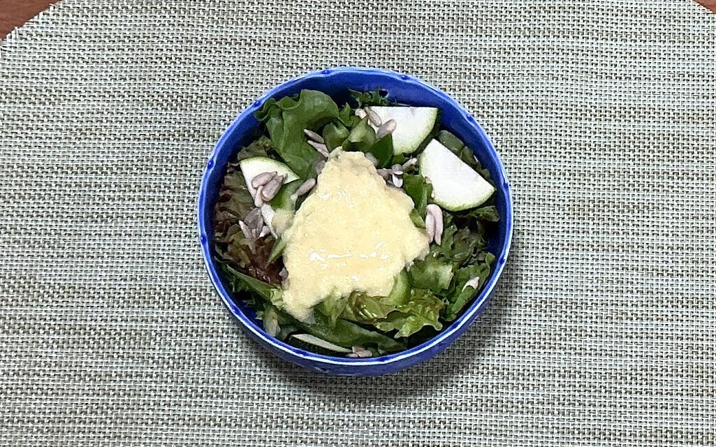玉ねぎをざく切りにして、全ての調味料とミキサーに入れ攪拌してドレッシングを作る。
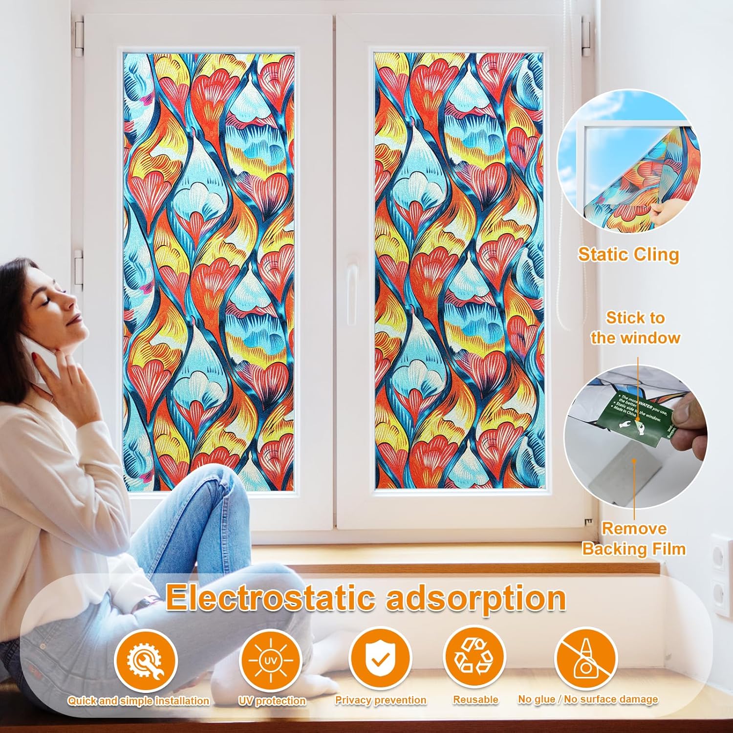 - 【Abstract Tulip Design】Premium HD printing abstract tulips. Stained glass film vibrancy meets Art Nouveau revival - Our frosted film breathes life into tulips with nature-inspired curves, where glittering under sunlight.
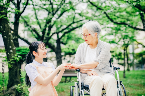 nurse, aged, nurse, care worker, wheelchair, care, walk, aged, helper, woman, rehab, nursing home, nanny, care, physical therapist, patient, welfare, hand, assistance, nurse, staff, rehabilitation, second life, hospital, wheelchair, aged, verdure, nursing home, speaking, communication, apron, medical care, smile, park, young, people, two people, open air, asian, japanese
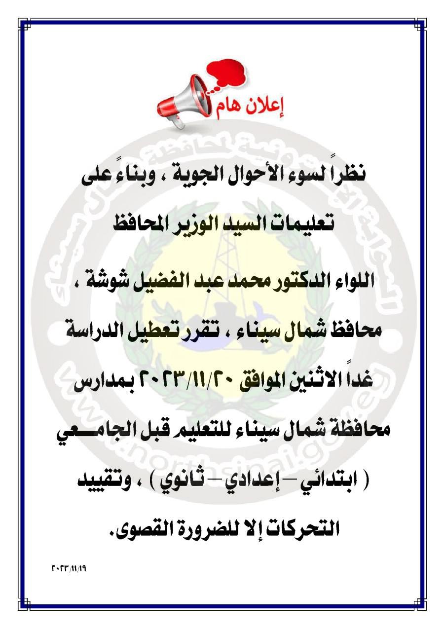 أصدر اللواء دكتور محمد عبد الفضيل شوشة، محافظ شمال سيناء، قرارا بتعطيل الدراسة في جميع مدارس المحافظة غدا الاثنين؛ نظرًا لسوء الأحوال الجوية، وهطول أمطار غزيرة على مختلف مناطق المحافظة.
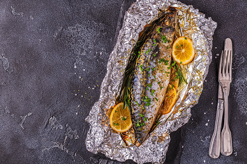 ②• Enveloppez individuellement les poissons en papillote dans du papier aluminium. Placez les maquereaux dans le four, proche du grill. Faites-les cuire 15 min et faîtes pivoter les poissons à mi-cuisson. Éteignez le four après 15 min et laissez les maquereaux 7 à 8 min dans le four éteint afin qu'ils soient cuits à cœur.
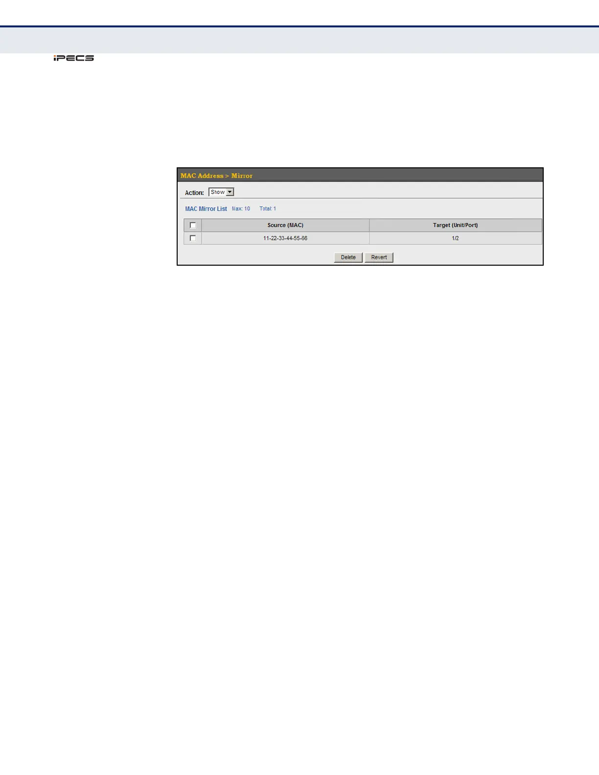 1. Click MAC Address, Mirror.
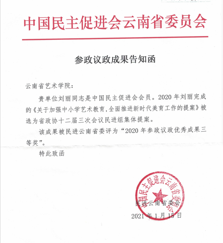 民进云南省委委员、民进云南省委文化艺术出版专委会主任、民进william威廉英国官网支部主任刘丽同志于2020年完成的《关于加强中小学艺术教育,全面推进新时代美育工作的提案》被民进云南省委评为“2020年参政议政优秀成果三等奖”。
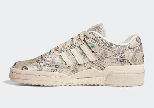The entirety of the Forum’s upper is covered in money graphics, save for its cream laces, Adidas Trefoil tongue tag, and Three Stripes. Unlike its high-top counterpart, the low-top sneaker doesn’t feature dark green accents, making the design slightly more wearable. Scott’s signature remains etched onto the medial midsole for good measure.
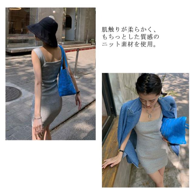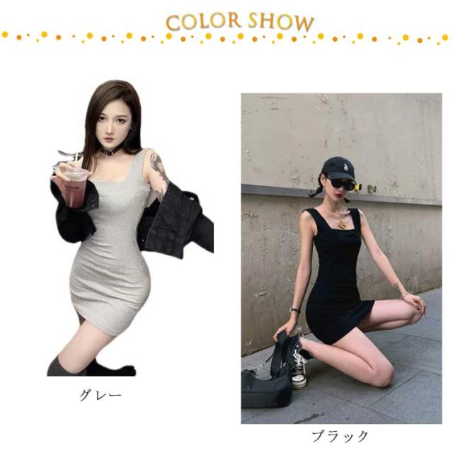 スクエアネック ミニ丈 キャミワンピ ノースリーブ ミニワンピ タンクトップワンピ 【送料無料】ミニワンピース ストレンチ 韓国 【送料無料】ミニワンピース 大人可愛い ニットワンピース タイト セクシー シンプル 黒 無地
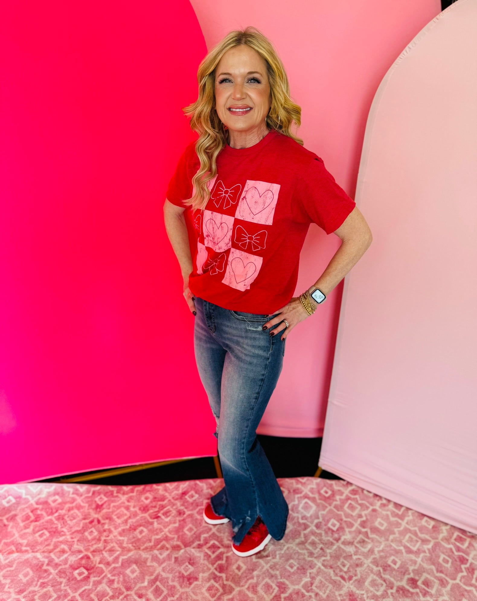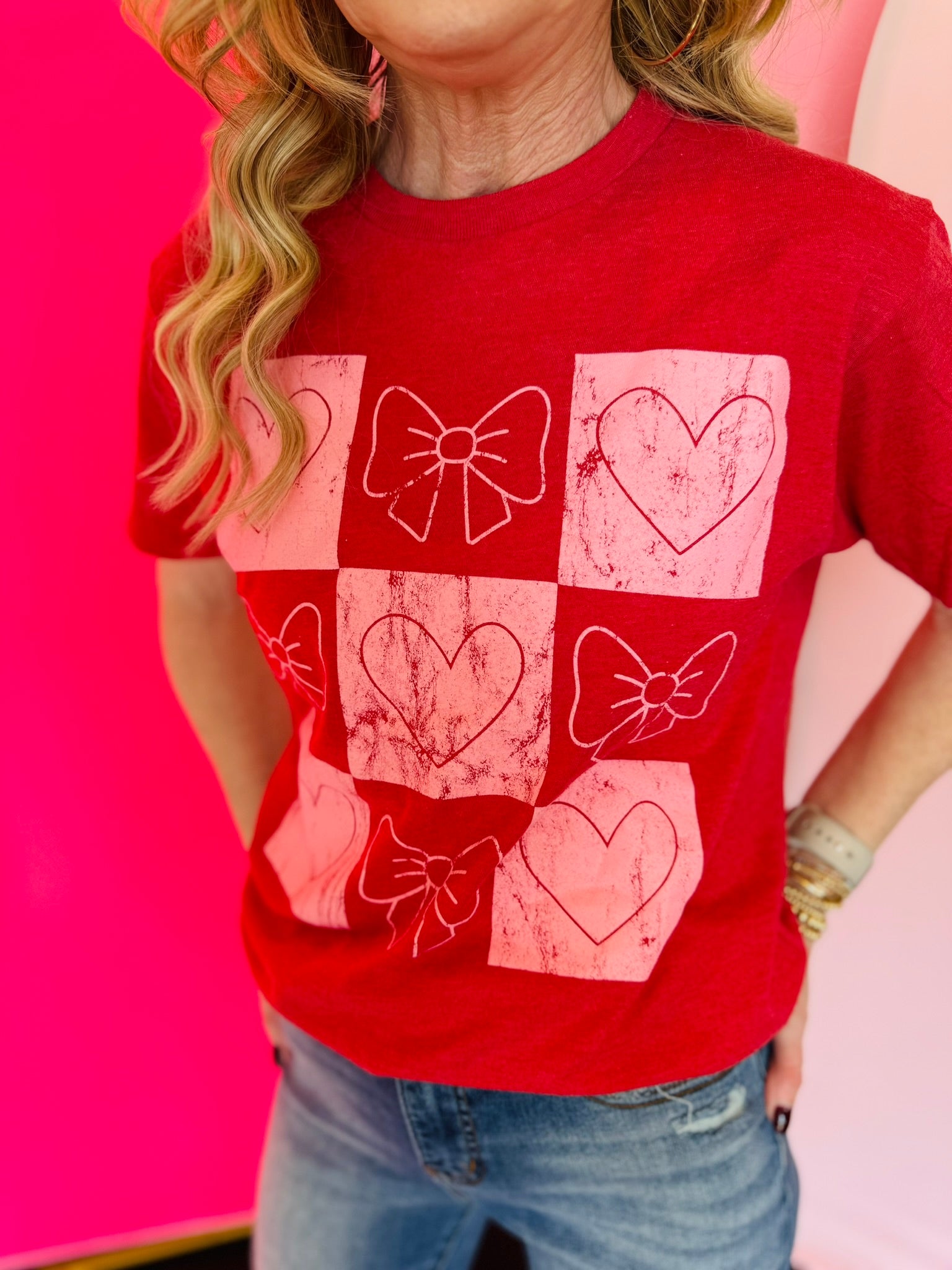 Show off your playful side with our Checkered Bows & Heart Tee, a fun and stylish addition to your casual wardrobe. Designed in a bold red base, this tee features a lively pattern of pink and red checks, perfectly accented with whimsical bows and sweet heart details. It’s the ultimate blend of charm and comfort, making it ideal for everyday wear or special occasions where you want to stand out. Crafted from soft, breathable fabric, this tee offers all-day comfort while showcasing personality and flair. Pair it with jeans, shorts, or a skirt to create versatile outfits that radiate confidence and fun.

+-------+

• What the task asks
The whole listing must be transcribed exactly. No pictures belong in the copy.

• The completed task
玉ねぎをざく切りにして、全ての調味料とミキサーに入れ攪拌してドレッシングを作る。
 - 【Abstract Tulip Design】Premium HD printing abstract tulips. Stained glass film vibrancy meets Art Nouveau revival - Our frosted film breathes life into tulips with nature-inspired curves, where glittering under sunlight.
 nurse, aged, nurse, care worker, wheelchair, care, walk, aged, helper, woman, rehab, nursing home, nanny, care, physical therapist, patient, welfare, hand, assistance, nurse, staff, rehabilitation, second life, hospital, wheelchair, aged, verdure, nursing home, speaking, communication, apron, medical care, smile, park, young, people, two people, open air, asian, japanese
 أصدر اللواء دكتور محمد عبد الفضيل شوشة، محافظ شمال سيناء، قرارا بتعطيل الدراسة في جميع مدارس المحافظة غدا الاثنين؛ نظرًا لسوء الأحوال الجوية، وهطول أمطار غزيرة على مختلف مناطق المحافظة.
 ②• Enveloppez individuellement les poissons en papillote dans du papier aluminium. Placez les maquereaux dans le four, proche du grill. Faites-les cuire 15 min et faîtes pivoter les poissons à mi-cuisson. Éteignez le four après 15 min et laissez les maquereaux 7 à 8 min dans le four éteint afin qu'ils soient cuits à cœur.
 1. Click MAC Address, Mirror.
 民进云南省委委员、民进云南省委文化艺术出版专委会主任、民进william威廉英国官网支部主任刘丽同志于2020年完成的《关于加强中小学艺术教育,全面推进新时代美育工作的提案》被民进云南省委评为“2020年参政议政优秀成果三等奖”。
The entirety of the Forum’s upper is covered in money graphics, save for its cream laces, Adidas Trefoil tongue tag, and Three Stripes. Unlike its high-top counterpart, the low-top sneaker doesn’t feature dark green accents, making the design slightly more wearable. Scott’s signature remains etched onto the medial midsole for good measure.
 スクエアネック ミニ丈 キャミワンピ ノースリーブ ミニワンピ タンクトップワンピ 【送料無料】ミニワンピース ストレンチ 韓国 【送料無料】ミニワンピース 大人可愛い ニットワンピース タイト セクシー シンプル 黒 無地
 Show off your playful side with our Checkered Bows & Heart Tee, a fun and stylish addition to your casual wardrobe. Designed in a bold red base, this tee features a lively pattern of pink and red checks, perfectly accented with whimsical bows and sweet heart details. It’s the ultimate blend of charm and comfort, making it ideal for everyday wear or special occasions where you want to stand out. Crafted from soft, breathable fabric, this tee offers all-day comfort while showcasing personality and flair. Pair it with jeans, shorts, or a skirt to create versatile outfits that radiate confidence and fun.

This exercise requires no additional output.